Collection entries
↓↓↓
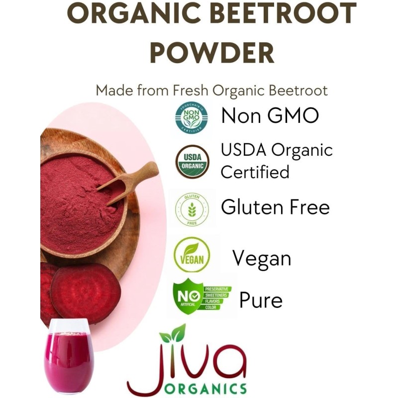 - Non-GMO & Vegan: Made with pure, plant-based ingredients, Jiva Organics Beet Root Powder is free from genetically modified organisms, preservatives, and animal products, making it suitable for all dietary preferences. Product of India.
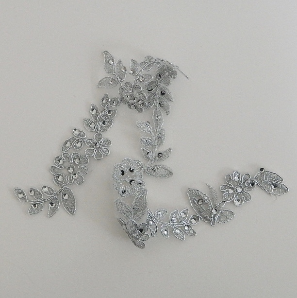 Narrow floral applique Pair in metallic silver thread with silver cording and sequins.
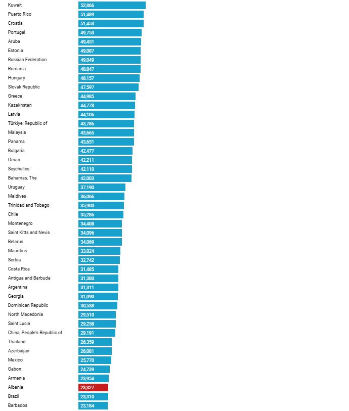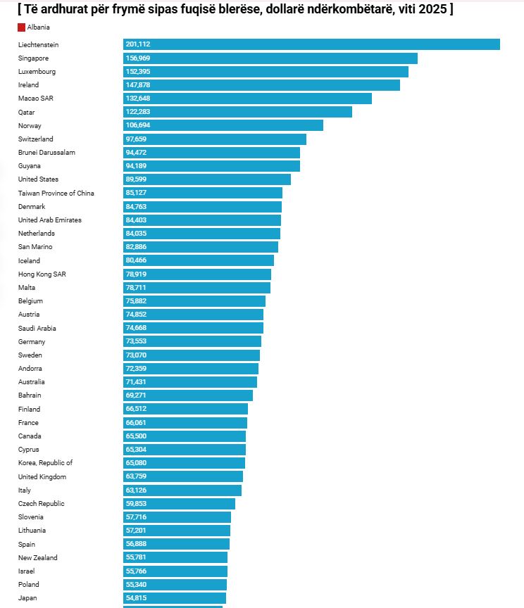 Shqipëria renditet e 83-ta në botë për të ardhurat për frymë në dollarë dhe e 85-ta në treguesin tjetër më të rëndësishëm, të ardhurat për frymë sipas standardit të fuqisë blerëse, për vitin 2025.
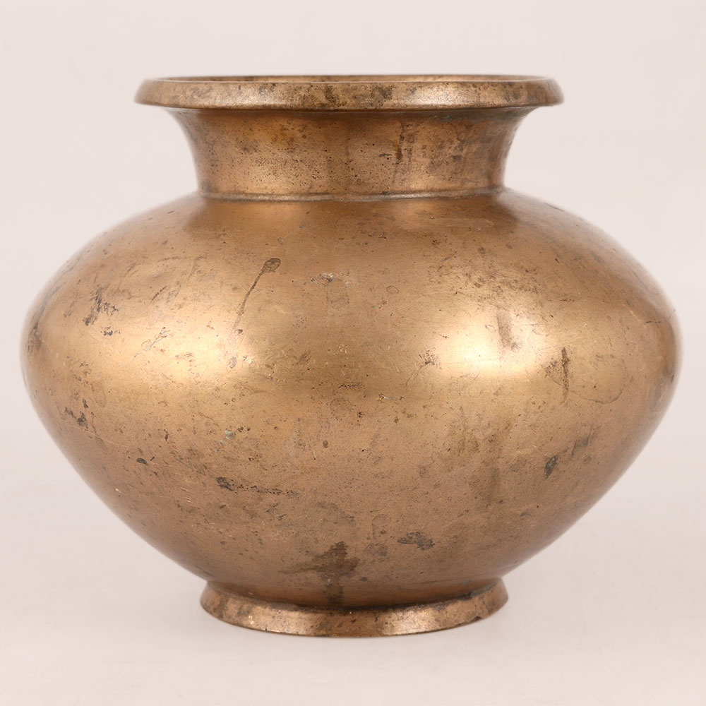 Immerse yourself in the sacred traditions of Hindu rituals with this exquisite brass holy water pot, a timeless symbol of spirituality and positive energy. Crafted by professional artisans from South India, this lota encapsulates the essence of devotion and artistry. The lota serves a myriad of purposes, from enhancing the ambiance of your living space with its antique brown finish to spreading positive energy through the placement of holy water. Its versatile design makes it an ideal choice for both personal rituals and decorative accents. Use it to offer water to revered deities like Lord Shiva and the Sun God, and let its presence elevate your worship experience. Additionally, the pot's graceful form lends itself perfectly to flower arrangements, making it an elegant choice for adorning your home, office, hotel, restaurant, cafe, or shop. Whether displayed at exhibitions, added to a vintage collection, or bestowed upon family, friends or relatives during special occasions, this brass lota is a thoughtful and cherished gift.
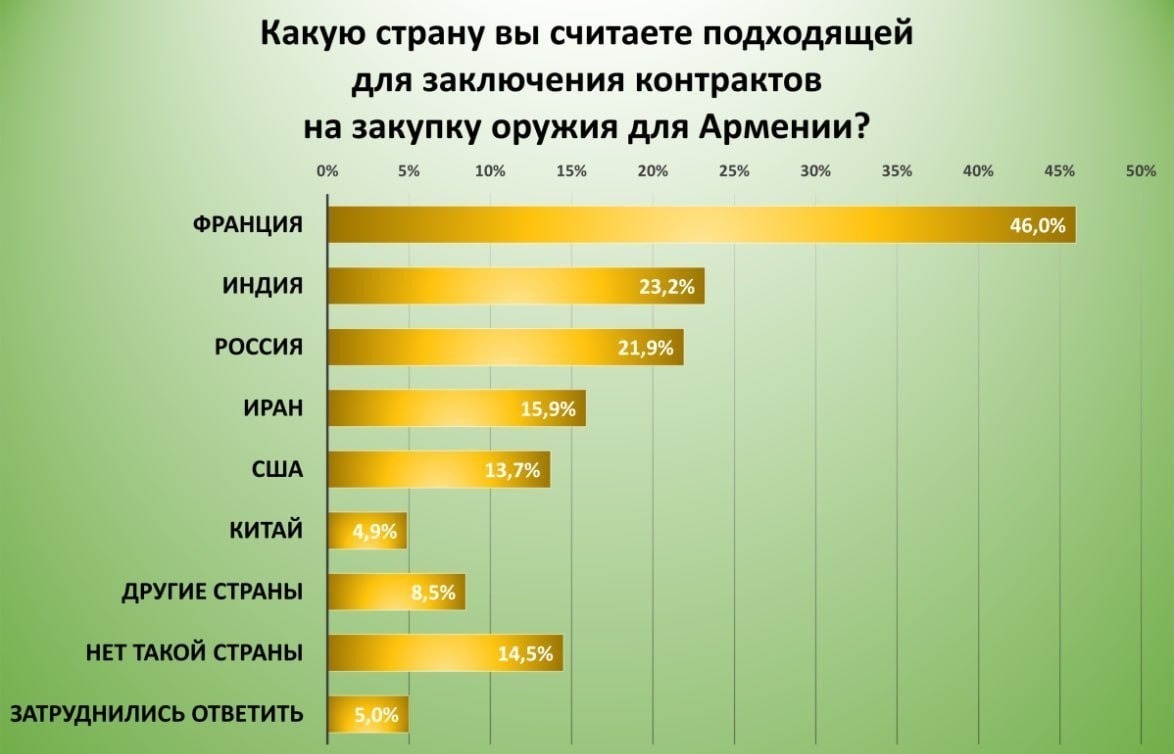 46% of the Armenian population surveyed believes that the most suitable country for purchasing weapons is France. India is in second place in this regard (23.2%), and the Russian Federation is in third (21.9%). These are data from the research company Gallup.
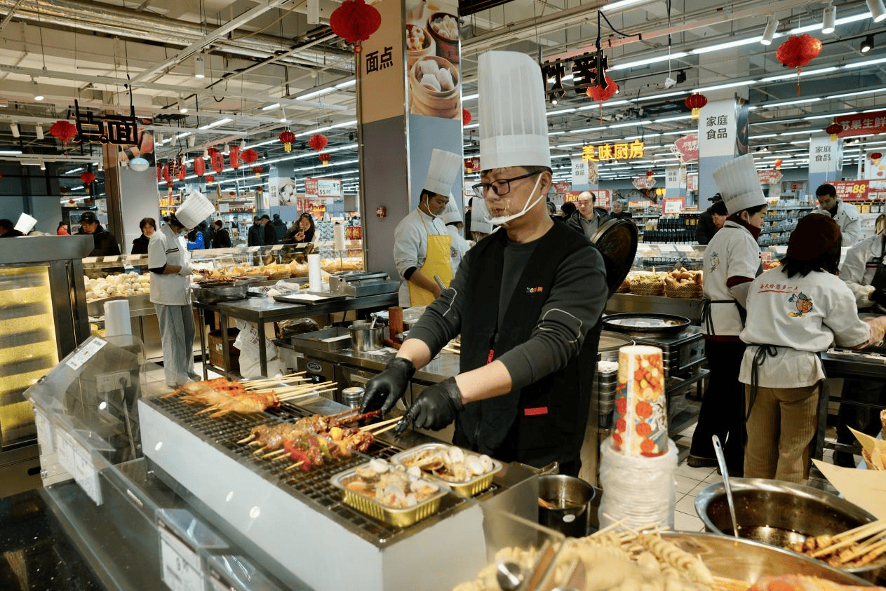 以酱卤区为例,该区域天南地北的风味轮番登场。中式区域的凉拌卤味色泽诱人,酱牛肉、无骨凤爪、酱大骨,每一款都是佐餐下酒的不二之选;日式档口精致吸睛,现点现切的三文鱼鲜美嫩滑,用料扎实的寿司一口一个超满足。现烤现串的羊肉串、牛肉串滋滋冒油,撒上一把孜然辣椒面,肉香混着炭火香,让路过的顾客忍不住停下脚步;外酥里嫩的酱香饼、肉蛋堡刚出炉就被抢空。这份触手可及的温暖与扑面而来的烟火气,正将超市从单纯的购物场所,转变为社区生活的新节点。
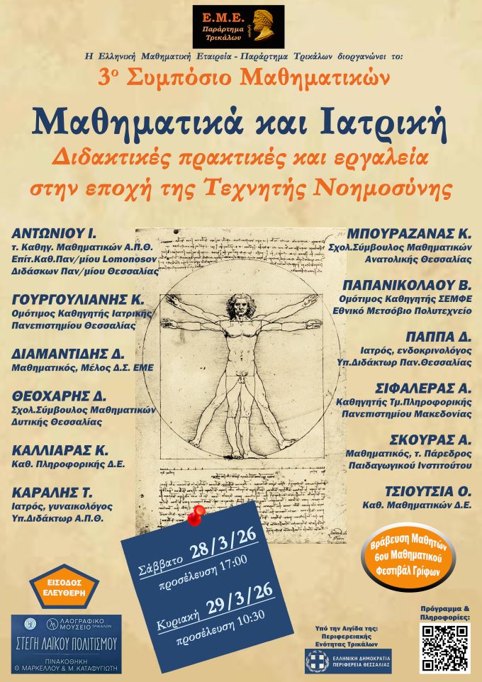 Μαθηματικά, Ιατρική και Τεχνητή Νοημοσύνη στο 3ο Συμπόσιο Μαθηματικών στα Τρίκαλα
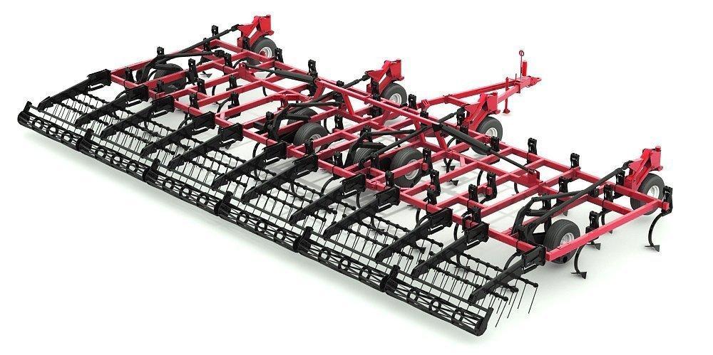 Расположенные в 5 рядов и оптимально расставленные по раме стойки стрельчатых лап обеспечивают беспрепятственное прохождение большого количества растительной и пожнивной массы через культиватор. Схема расстановки лап минимизирует налипание на колеса влажной почвы и положительным образом сказывается на равномерности заглубления. Доступны трехсекционные модели с шириной захвата 8,2/10,2/12,2, м для агрегатирования с тракторами от 210 до 350 л.с., и пятисекционные модификации 14,8 м и 18,3 м для тракторов 350…530 л.с.
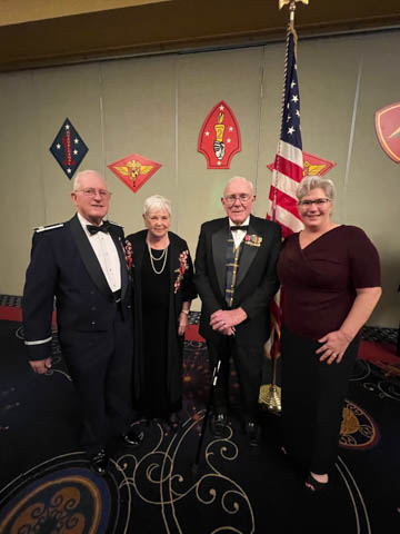 November 2024 (Part 02) Missouri Trip and the 249th US Marine Corp Birthday Ball We headed to Missouri for a long weekend to see Grandpa Bill and go with him to the Marine Corps Birthday Ball. So glad to see Bill and Ro Boston, along with Aunt Catherine and Barb. Really enjoyed the guest speaker, Cpl Todd Nicely. He had been deployed to Iraq, then was sent to Afghanistan as a platoon sergeant. While deployed, he stepped on a land mine and became one of only two quadruple amputees to have made it off the battlefield and survived. He clearly went to dark place after a while, even admitting he attempted suicide, and was eventually helped by the Focus Marines Foundation, which helped him slowly turn his life around. Bless this young man and his family. We got an "official" group photo. Managed to get a couple more group photos at the end of the evening.
↑↑↑
→ **Assignment**: Repeat the lines above, starting at the first and stopping after the line that holds "Narrow floral applique", with the pictures left out.

→ **Reply to the exercise**:
 - Non-GMO & Vegan: Made with pure, plant-based ingredients, Jiva Organics Beet Root Powder is free from genetically modified organisms, preservatives, and animal products, making it suitable for all dietary preferences. Product of India.
 Narrow floral applique Pair in metallic silver thread with silver cording and sequins.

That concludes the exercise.